16. The system of claim 15, wherein the set of baseline metrics
includes at least one of: percentage of overpaid claims, percentage
of underpaid claims, or percentage of correctly paid claims.
17. The system of claim 15, wherein the set of baseline metrics
includes a percentage of claims on which a non-financial edit was
performed.
18. The system of claim 15, wherein the set of baseline metrics
includes at least one of: an average monetary amount for each
overpaid claim, or an average monetary amount for each underpaid
claim.
19. The system of claim 15, wherein the set of baseline metrics
includes at least one of: an average monetary amount for each
overpaid claim, or an average monetary amount for each underpaid
claim.
20. The system of claim 15, wherein identifying outlier subsets
includes determining that at least one metric from the set of
subset metrics for a particular dimensional subset is different
from a corresponding baseline metric by at least a threshold
amount, and identifying the particular dimensional subset as an
outlier subset based on the determination.
Description
FIELD
[0001] This disclosure relates to performing dimensional analysis
on a set of healthcare claims to identify subsets of claims that
deviate from baseline metrics.
BACKGROUND
[0002] Healthcare providers submit claims for patient services for
payment to insurance providers contracted to cover the patients.

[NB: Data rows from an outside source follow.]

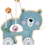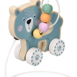 Giocattolo in legno su ruote con orsetto cattura l'attenzione e incoraggia il bambino a muoversi.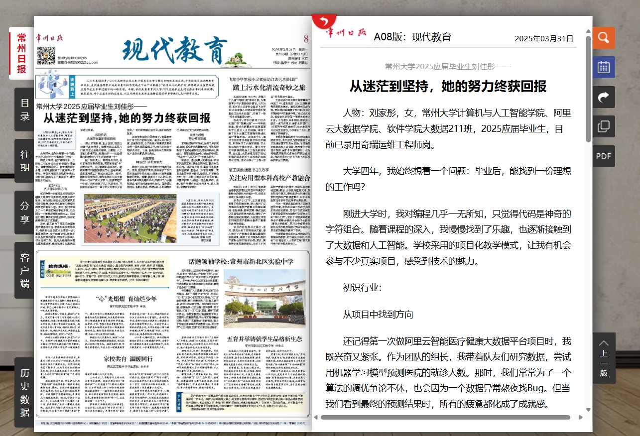 人物:劉家彤,女,常州大學計算機與人工智能學院、阿里云大數據學院、軟件學院大數據211班,2025應屆畢業生,目前已錄用奇瑞運維工程師崗。
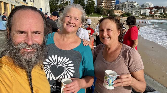 Liz belongs to a women’s swim group that calls themselves the Mermaids. They normally meet to swim two mornings a week, and also have a special Christmas swim. So, on Christmas morning we were all up at 6:30 to get dressed and drive to South Cronulla Beach for a 7:30 dip in the ocean. We were warmly welcomed by the rest of the group and both made honorary Mermaids for the day (Greg being the only mermaid-dude). The surf was unusually heavy, so rather than go out for the swim around the buoy that they usually do, the Mermaids satisfied themselves by getting bashed around in the waves a while. Here we are with our post-swim coffee, which Liz brought along in a thermos in the (correct) expectation that the beach coffee shop would be closed. As you can see in the background, there were lots of other groups also out for an early Christmas-morning swim.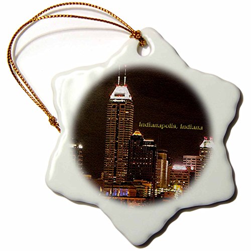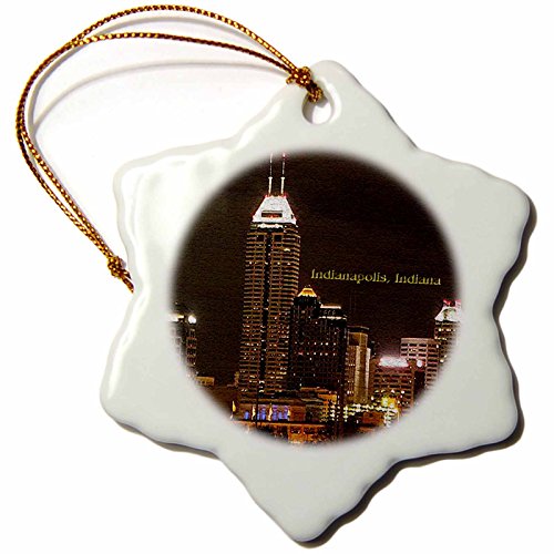 3dRose orn_60310_1 Indianapolis at Night in Texture Snowflake Decorative Hanging Ornament, Porcelain, 3-Inch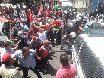 | Centenares de palestinos manifestaron contra la decisión de Abbas de negociar en el ‘plan Kerry’, reprimidos por la policía de la ANP |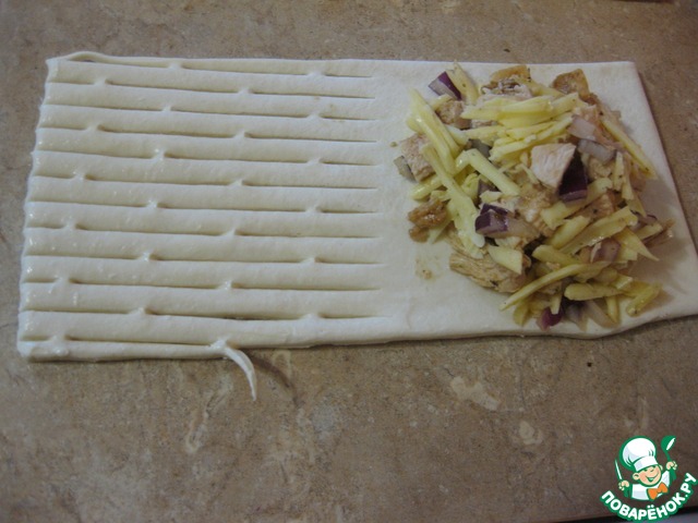 На одну сторону теста выкладываем начинку, второй закрываем, тщательно защипывая края. Я специальным роликом сделала надрезы, - вы можете сделать закрытые пирожки, либо аккуратно ножом сделать несколько насечек. -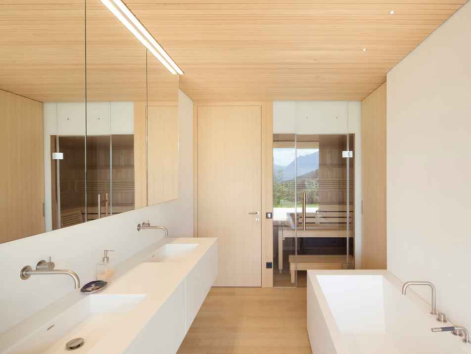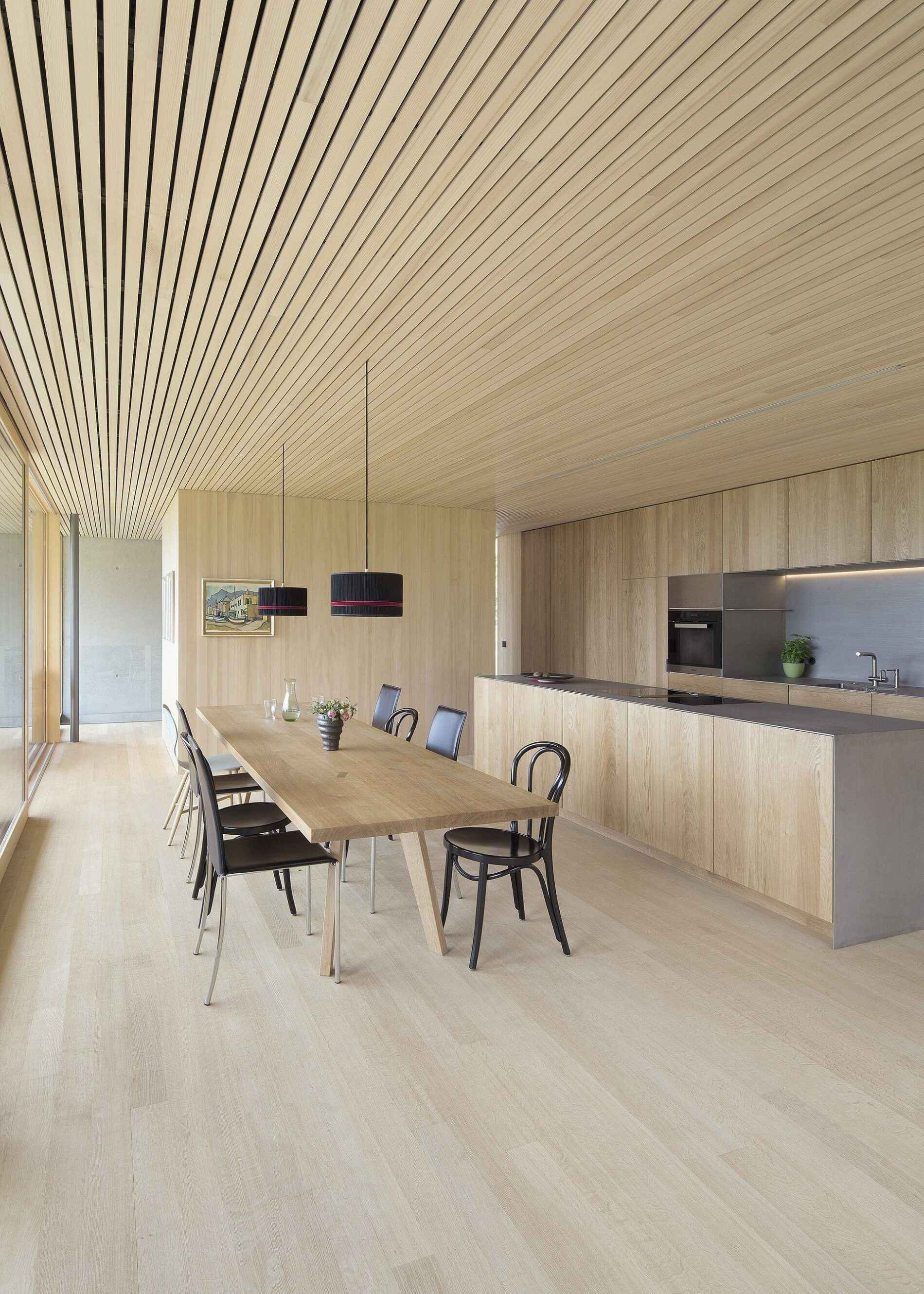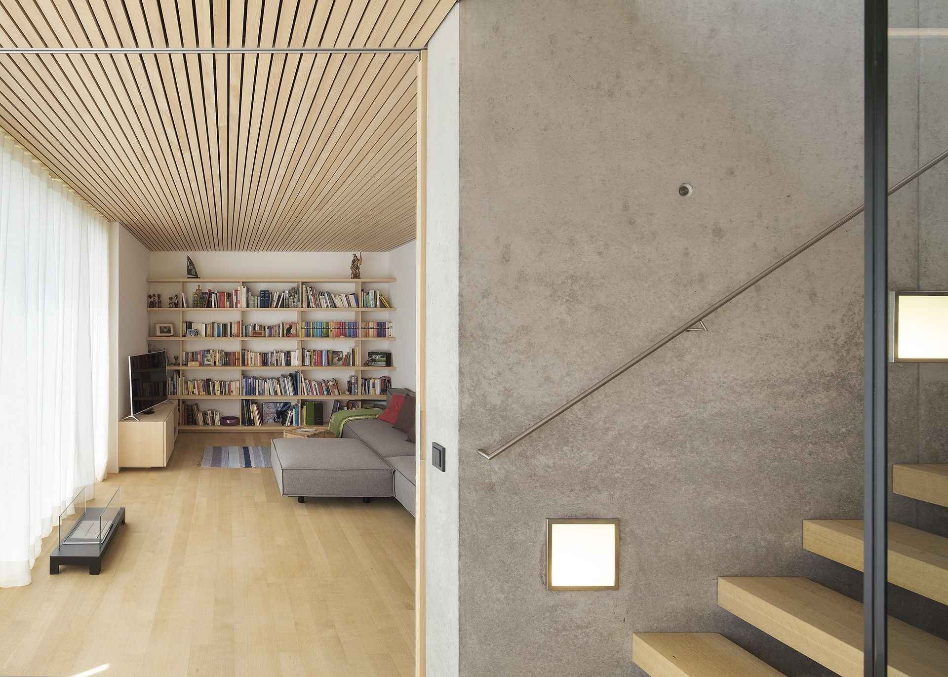 Salon zlokalizowany na piętrze został zaprojektowany jako przestrzeń otwarta, sprzyjająca wspólnemu spędzaniu czasu. Kuchnia w formie wolnostojącego bloku oraz centralnie usytuowany kominek dzielą wnętrze na strefy gotowania, jadalnię, część wypoczynkową oraz bibliotekę. Klatka schodowa, oddzielona surową betonową ścianą, prowadzi na niższy poziom, gdzie znajdują się sypialnie, pokoje gościnne, pomieszczenia użytkowe oraz warsztat umieszczony pod garażem. Układ funkcjonalny domu łączy estetykę z wygodą codziennego użytkowania.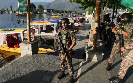 카슈미르서 경계근무 중인 인도군 병력. 지난 25일(현지시간) 인도 북부 인도령 카슈미르 스리나가르에서 인도군 병력이 경계근무를 서고 있다. |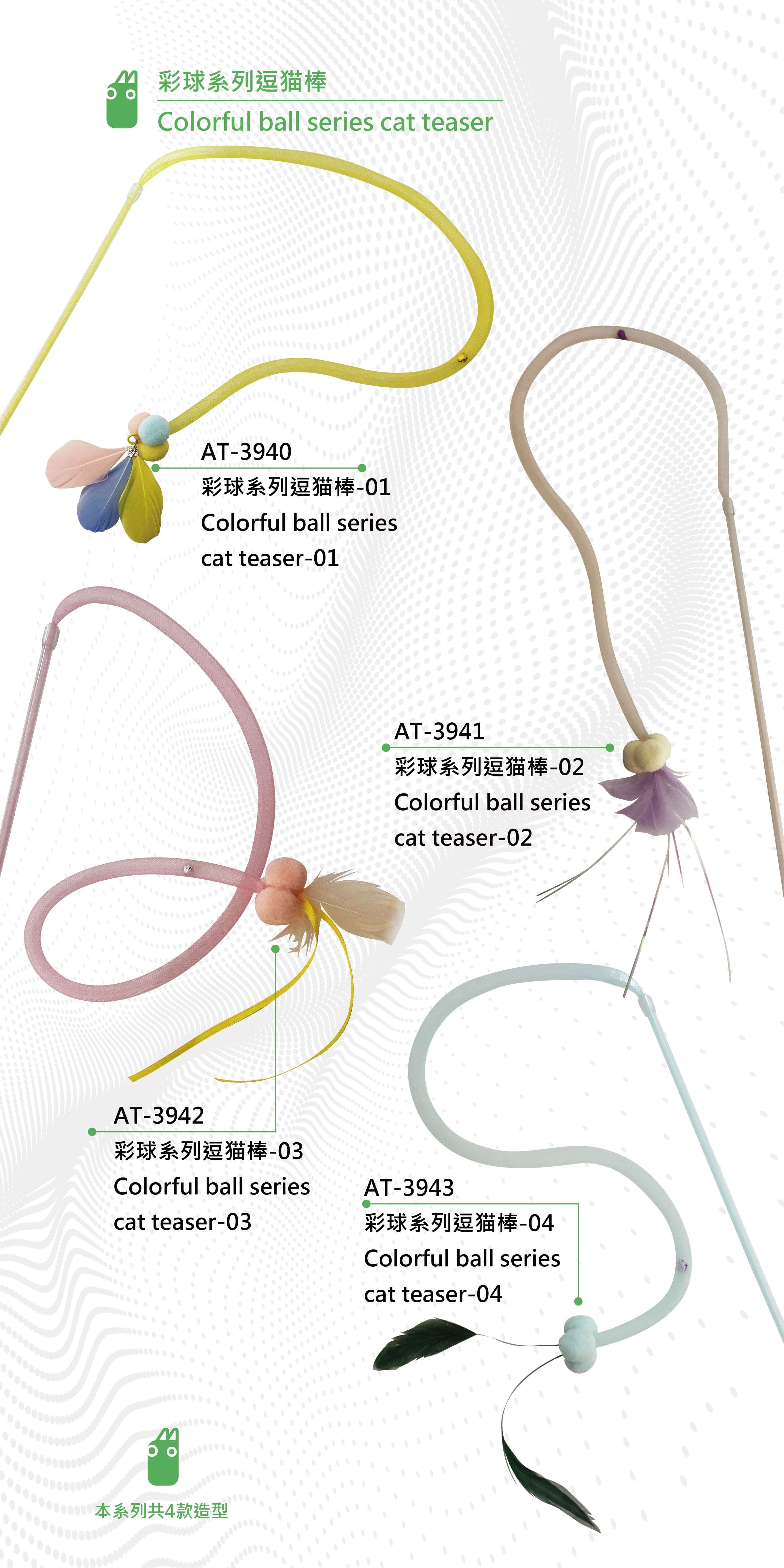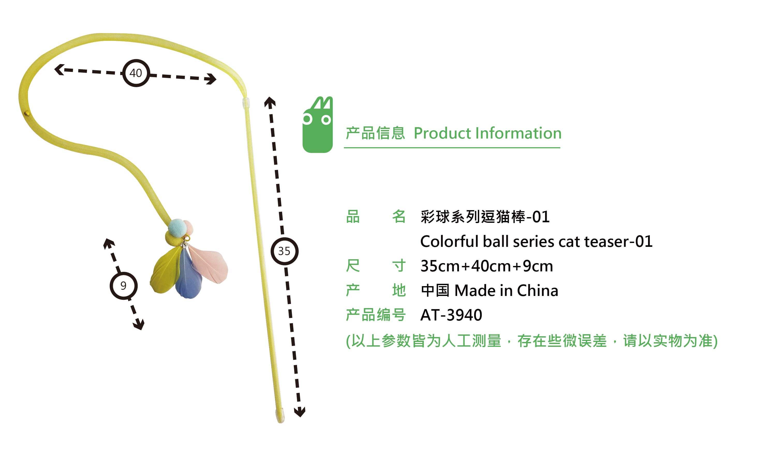 AT-3940 彩球系列逗猫棒-01 Product Size: 35+40+9cm Materials:PVC stick, nylon mesh tube, pendant (polyester, goose feather)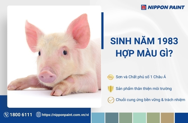 Để lựa chọn màu sơn nhà nội thất chính hãng, bảng màu đa dạng và bền đẹp theo thời gian, gia chủ Quý Hợi 1983 nên ưu tiên các dòng sơn chất lượng cao, phù hợp phong thủy và không gian sống. Bạn có thể đến đại lý Nippon Paint gần nhất hoặc liên hệ hotline 1800 6111 để được tư vấn chi tiết, giúp chọn đúng màu sơn hợp tuổi, bền màu và tối ưu thẩm mỹ cho ngôi nhà.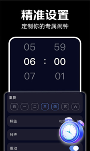 1、准时闹钟,能设置固定时间重复、选择自己喜欢的铃声及震动模式。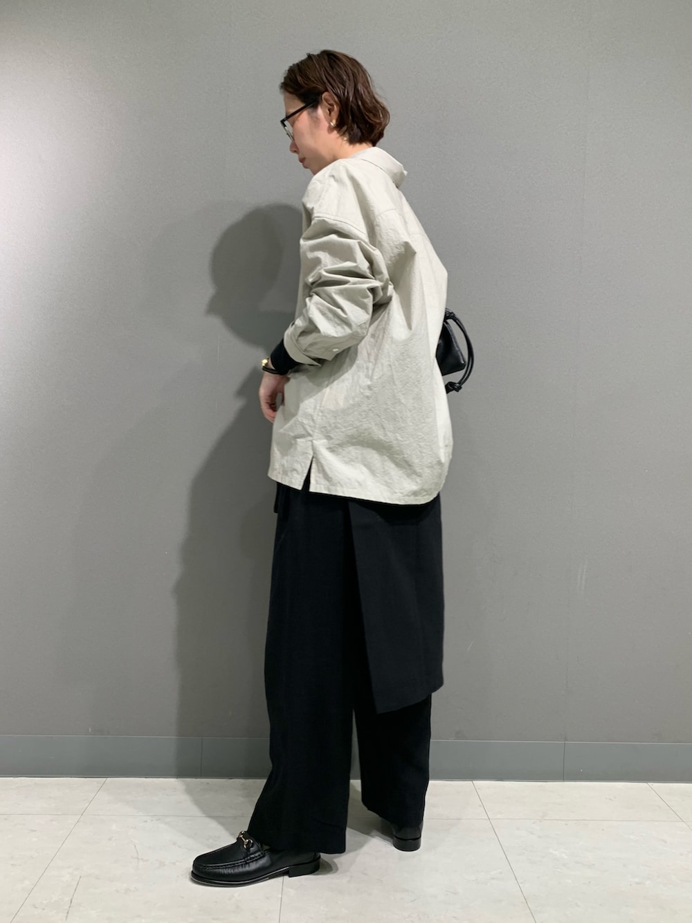 ボックスのシルエットがかわいいシャツ。一見普通に見えますが染色にムラがあり奥行きの感じられる生地になっています。一枚着るだけでサマになります。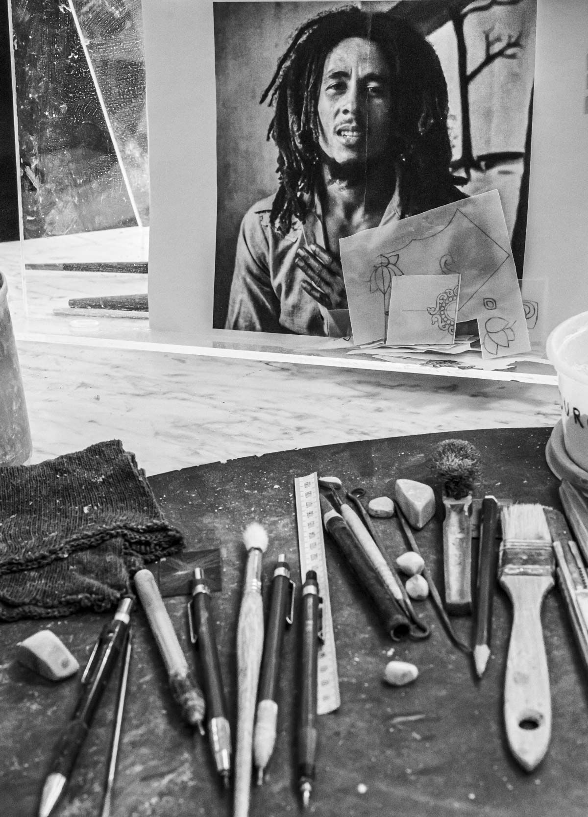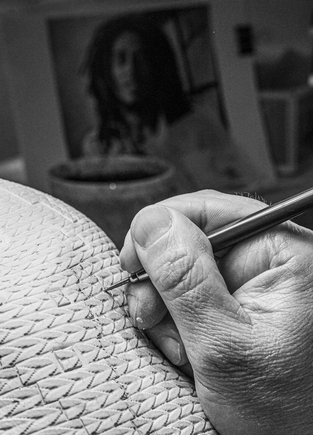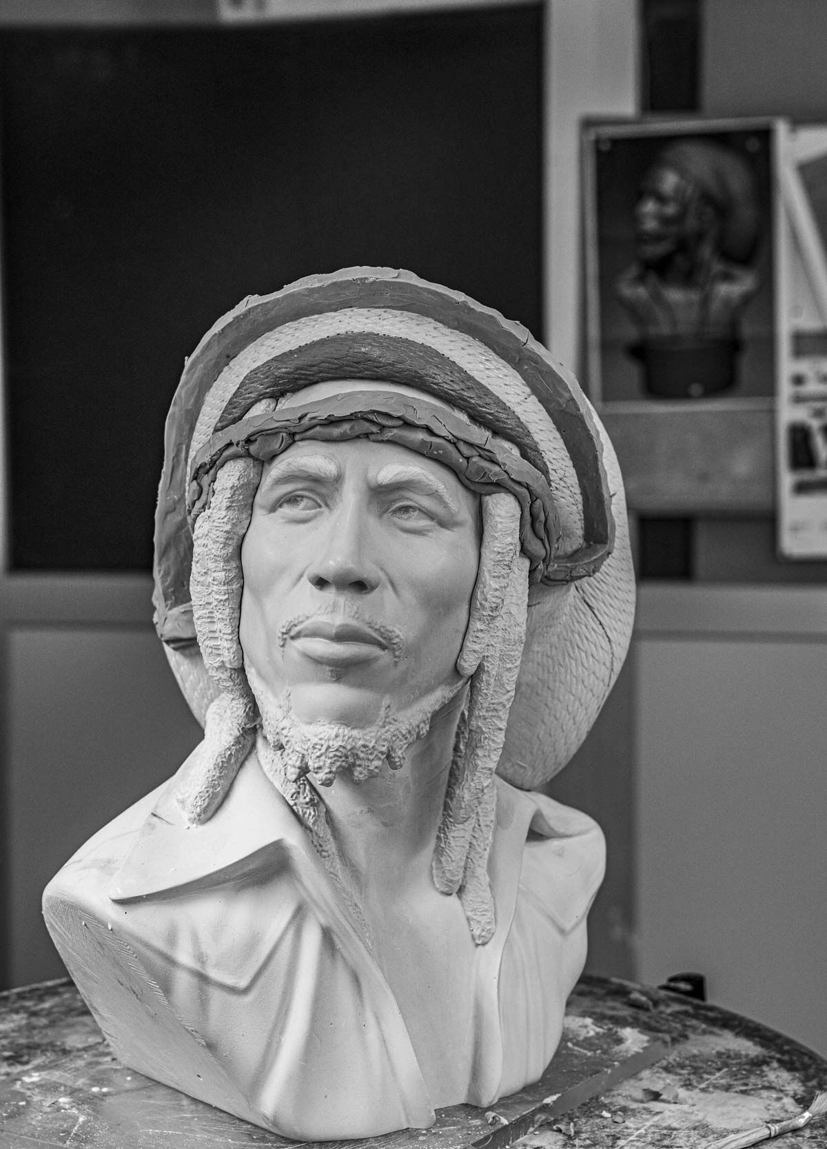 Questo ritratto del cantante, realizzato a mano in porcellana nera opaca, fa parte di un'edizione limitata di 250 unità. Particolarmente degni di nota sono la modellazione realistica e la sua ornamentazione. La texture del berretto, ricreata con precisione, è decorata con gli inconfondibili colori della cultura rastafari, un movimento spirituale che ha plasmato il pensiero e la musica del cantante. I risvolti della camicia sono impreziositi da dettagli in argento, mentre il ciondolo con il simbolo della pace rafforza il messaggio che l'artista ha promosso nel corso degli anni.
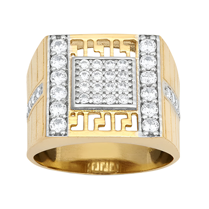 New 9ct Gold Cubic Zirconia Greek Key Signet Ring Sizes R-Z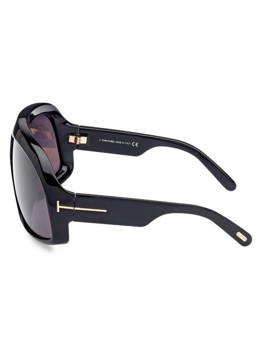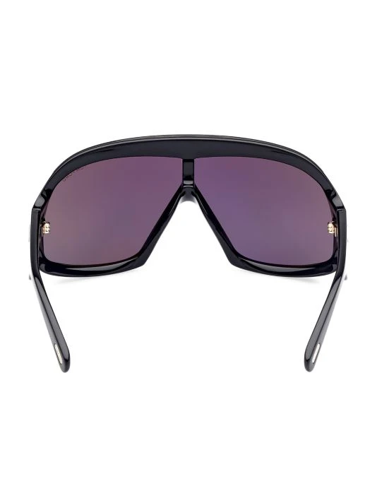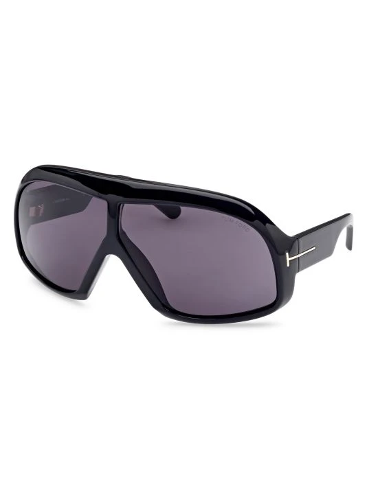 Bold pilot sunglasses boasts futuristic charm with oversized shield frames, finished with signature T-logo at sides.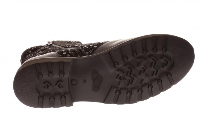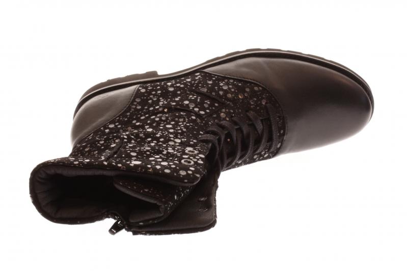 Modischer kurzer Stiefel von Cloud mit Lederfutter. Das Fußbett ist wechselbar. Optimale Weitenregulierung durch Schnürsenkel, ein leichter Einstieg ist durch seitlichen Reißverschluss gegeben. Der Schaft ist mit schimmernden Tröpfchen versehen. Die Laufsohle ist robust und gibt einen festen Stand.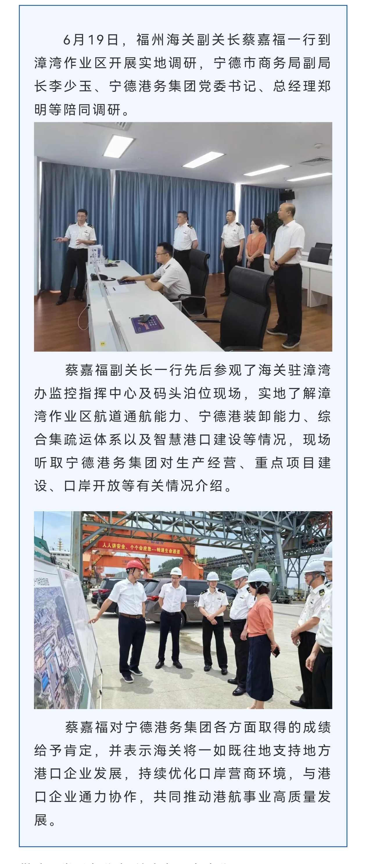 [领导调研|福州海关副关长蔡嘉福一行到漳湾作业区开展调研 - 金年会(中国)官方网站

Such claims may be collected and stored by the insurance providers
for later analysis.
[0003] Dimensional analysis is a data analysis technique for
determining the relationships between different attributes of
records within a set of data. A dimension may defined for a data
set by grouping records in the data set sharing common values for
particular attributes (dimension attributes) into subsets. These
subsets may be analyzed individually or compared to one another to
identify trends of patterns within the data set correlated to the
dimension attributes.
SUMMARY
[0004] The present disclosure describes techniques for performing
dimensional analysis on a set of healthcare claims to identify
subsets of claims that deviate from baseline metrics. Healthcare
claims processing involves receiving claims for payment from
healthcare providers and storing records of the claims for later
analysis. The stored healthcare claims may then be analyzed to
identify anomalous claims, such as, for example, claims with paid
amounts less than a correct amount for the claim (underpayments),
claims with paid amounts greater than a correct amount for the
claim (overpayments), claims that have been manually changed after
submission (non-financial edits), and other anomalies. One example
methods includes identifying a set of baseline metrics for a set of
claims as a whole, and comparing corresponding metrics for
different subsets of the claims (dimensional subsets) defined by
attribute values (dimension attributes defining a dimension) to the
baseline metrics to determine subsets of claims to be further
analyzed.
[0005] In one aspect, a computer-implemented method includes
identifying a plurality of dimensions for analysis within a
plurality of healthcare claims, each dimension defined by one or
more dimension attributes included in each healthcare claim;
calculating a set of baseline metrics for the plurality of
healthcare claims representing statistical information about the
plurality of healthcare claims; for each particular dimension of
the plurality of dimensions: identifying dimensional subsets
including healthcare claims from the plurality of healthcare
claims, wherein each dimensional subset includes healthcare claims
with matching values for each of the one or more dimension
attributes defining the particular dimension; calculating a set of
subset metrics for each dimensional subset representing the same
statistical information for the particular dimension as represented
by the set of baseline metrics for the plurality of healthcare
claims; identifying outlier subsets from the identified dimensional
subsets based on differences between the set of subset metrics for
each dimensional subset and the set of baseline metrics; and
providing, for output, each identified outlier subset and
associated differences between the set of subset metrics for each
outlier subset and the set of baseline metrics.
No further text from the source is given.